- Exercise brief: Your answer must consist of exactly the lines below, starting with the line with "За да отговори" and going on through the line with "An Australian experimental", and nothing else.

- Supplied material:
*-*-*

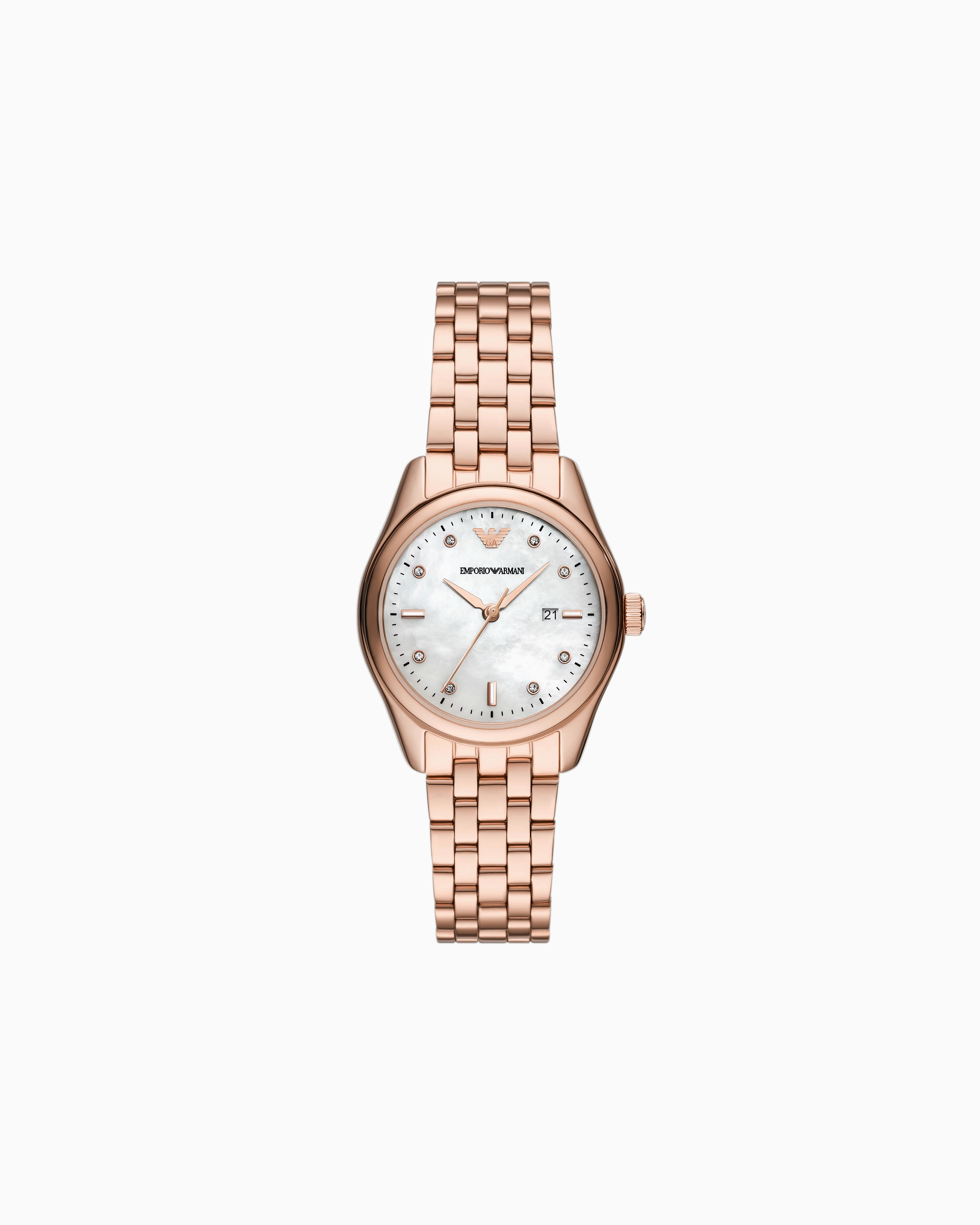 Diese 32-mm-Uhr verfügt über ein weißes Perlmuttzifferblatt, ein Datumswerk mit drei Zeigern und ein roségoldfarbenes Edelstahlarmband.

*-*-*

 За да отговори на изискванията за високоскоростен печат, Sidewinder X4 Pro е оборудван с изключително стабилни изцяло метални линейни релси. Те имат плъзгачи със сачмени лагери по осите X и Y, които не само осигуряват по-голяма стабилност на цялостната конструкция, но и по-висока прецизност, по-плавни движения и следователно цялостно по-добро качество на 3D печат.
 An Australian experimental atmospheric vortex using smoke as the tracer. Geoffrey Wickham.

*-*-*

- Solution:
 За да отговори на изискванията за високоскоростен печат, Sidewinder X4 Pro е оборудван с изключително стабилни изцяло метални линейни релси. Те имат плъзгачи със сачмени лагери по осите X и Y, които не само осигуряват по-голяма стабилност на цялостната конструкция, но и по-висока прецизност, по-плавни движения и следователно цялостно по-добро качество на 3D печат.
 An Australian experimental atmospheric vortex using smoke as the tracer. Geoffrey Wickham.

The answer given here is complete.